Cecilia Dean, founder and editor of V magazine, writer David Colman and Klaus Biesenbach of The Museum of Modern Art (MoMA) came together to curate “MOVE!,” a two-day Halloween weekend of art and fashion. The event was held in the New York MoMA’s PS1, the museum’s designated space for live art. Each artist was matched with a designer charged to produce anything they could dream up together.
“The point was to do something action-based and dynamic,” Dean said in an interview. “We didn’t want to hang things on a wall or put dresses on a mannequin.”
All the collaborations were between artists of the varied disciplines: visual, performance, dance and theater artists paired up with New York-based fashion designers. Some notable collaborators were Kalup Linzy and Diane von Furstenberg, Rob Pruitt and Marc Jacobs, Olaf Breuning and Cynthia Rowley, Brody Condon and Rodarte, Rashaad Newsome and Alexander Wang, and Dan Colen and Proenza Schouler.
As much as I find the intersection between art and fashion fascinating and important to explore, many of the collaborations seemed unbalanced. Most of the partnerships picked one or the other, namely art. The clothing became a costume for the performance piece, which should not be confused with fashion.
In the case of Alexander Wang and Rashaad Newsome, 18 women performed in an orchestra made up of snaps and breaths. The fact that they were clothed was about as involved as Alexander Wang got to be. Similarly, the Mulleavy sisters (Rodarte), with all of their design talent, put white sacks over performers moving in space with big metal rods. Diane von Furstenberg, creator of the wrap dress, gave a sparkly one to Linzy, the performance artist known for acting out soap operas in drag.
Injustice aside, this hierarchy of art was just absurd. The format of this exhibit put the artists in a weird position of separating out fashion as just the garment and the art part as the performance, which places the artistic innovation on the movement itself, rendering the clothes irrelevant.
Some of the more interesting pieces managed to stray from the costumed performance route with varying degrees of success. Cynthia Rowley and Olaf Breuning took their assignment perfectly literally, pouring paint onto garment: art + fashion! Rowley designed over 40 pieces to be worn and covered in paint, which was doused onto each subject by Breuning himself, perched atop a ladder. While not exactly groundbreaking, the piece was deliberate in paring both disciplines down to paint and dress and showed the process in an interactive way.
Similarly, Rob Pruitt and Marc Jacobs created a green-screen catwalk for museum-goers to strut down, which was then manipulated to look as if their walk was part of a real fashion show. Jacobs, champion of self-aware kitsch, effectively explored the culture of fashion through the lens of Pruitt’s art technology.

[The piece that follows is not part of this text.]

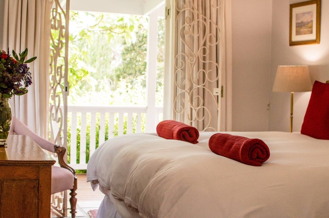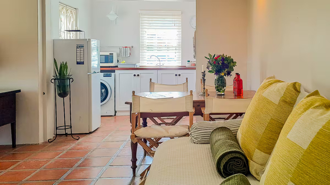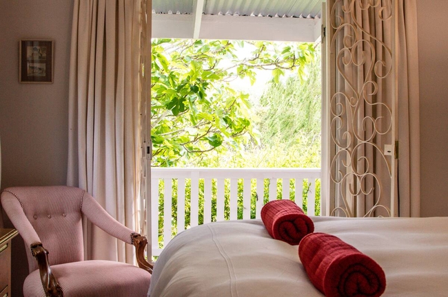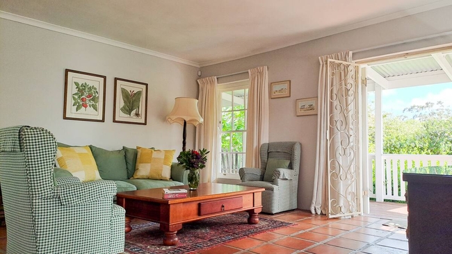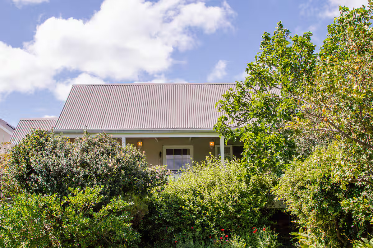Cruise Cottage is a classic garden cottage set within a well established garden filled with mature trees, roses, and abundant greenery. The private outdoor space provides generous room for quiet moments, birdwatching beneath the trees, or unhurried relaxation away from the bustle of daily life. The cottage offers one bedroom furnished with a king size bed, as well as a single daybed situated in the living area. Quality linen and towels are supplied for guests’ comfort, however swimming towels are not provided. The open plan living and dining area is comfortably appointed and designed for relaxed living. French doors open onto a covered wooden deck with outdoor furniture, allowing guests to enjoy peaceful garden views. A television with an Android box is available for entertainment. The kitchen is well equipped and features a gas stove, a spacious oven, a microwave, and ample refrigerator space, making self catering both convenient and enjoyable. The cottage is situated approximately 600 metres from the river and remains within comfortable walking distance of all village amenities. Secure off street parking is provided for peace of mind.

Moving outside of the studio, Dan Colen and Proenza Schouler placed garments throughout New York City embedded with video cameras, which live-streamed its feed into the MoMA space, documenting the life of the piece for two days. Here fashion, as it exists in the world, was transported back into viewable art, making the most intellectual statement on the relationship between art and fashion, instead of oversimplifying and attempting to differentiate the two.
My main issue with the exhibit as a whole was its insistence on the difference between art and fashion. As if saying here, at the MoMA for two nights only: art and fashion are together now for the first time. Fashion is art, is influenced by art, is informed by art and is surrounded by art. Fashion shows are their own singular performance art pieces. Art is present in the craft of the garment and in the design of the presentation.

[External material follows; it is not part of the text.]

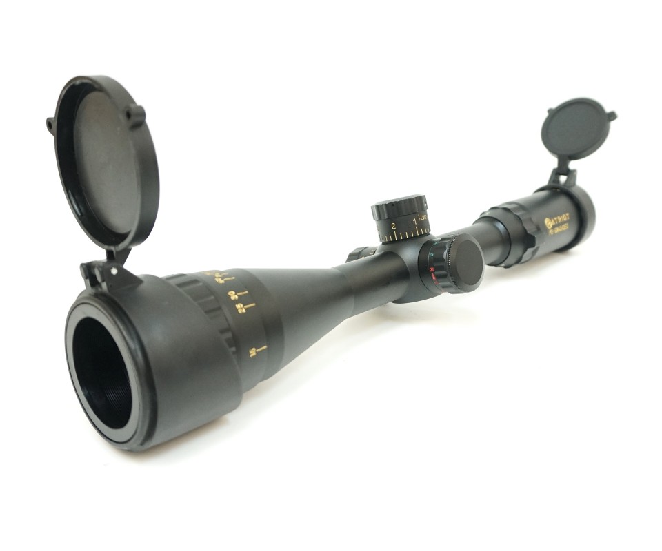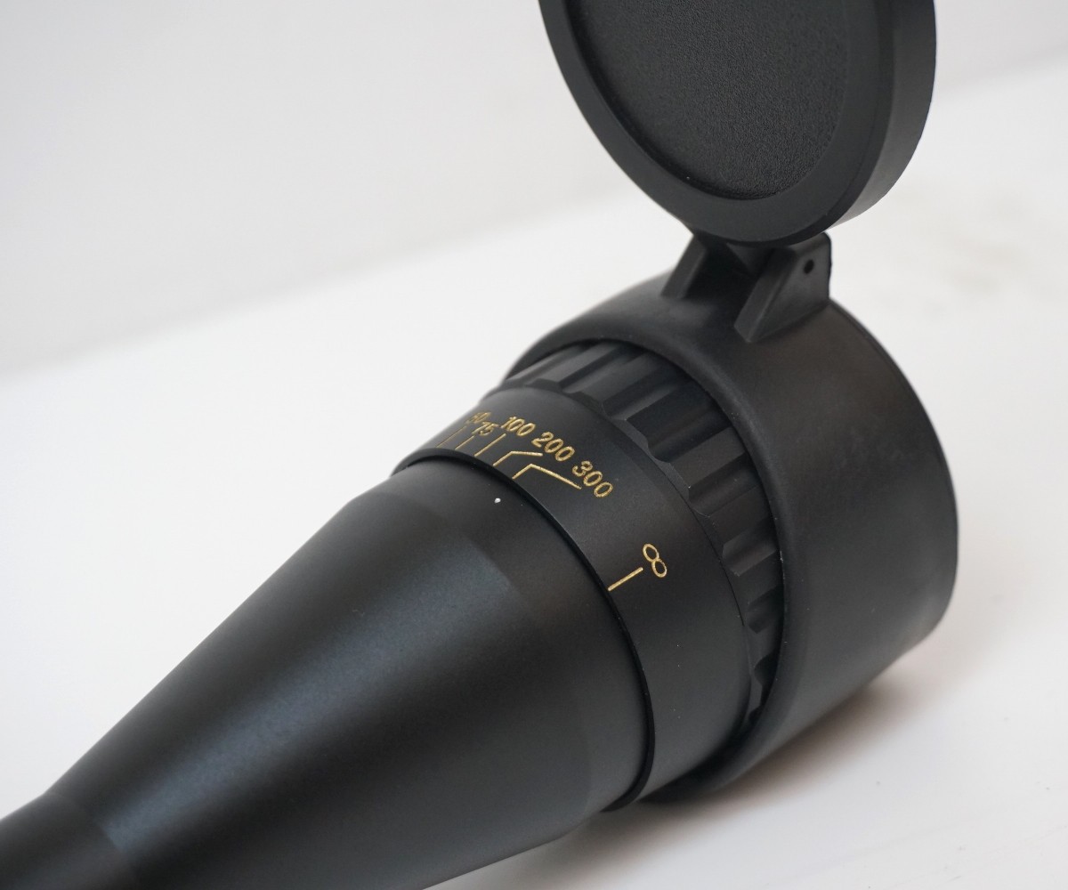 Диаметр объектива прицела – 40 мм, а диаметр его трубки – 25,4 мм (или 1 дюйм). Присутствует отстройка от параллакса в диапазоне от 10 ярдов до бесконечности, регулировочное кольцо расположено на объективе. Прицел имеет подсветку прицельной сетки (два цвета), с возможностью регулировать ее яркость. Поправки по вертикали и горизонтали производятся с шагом в четверть МОА.

Throughout the history of fashion, designers have been taking inspiration from art and interacting with artists of all disciplines in creating their own collections. This is not a new, isolated or forced instance; it is as it has always been. The exhibit called itself dynamic, interactive, art plus fashion, but that isn’t just paint on a dress, it is fashion itself out in the world. Art in fashion is real, it lives, it moves: me, you, we are the art object.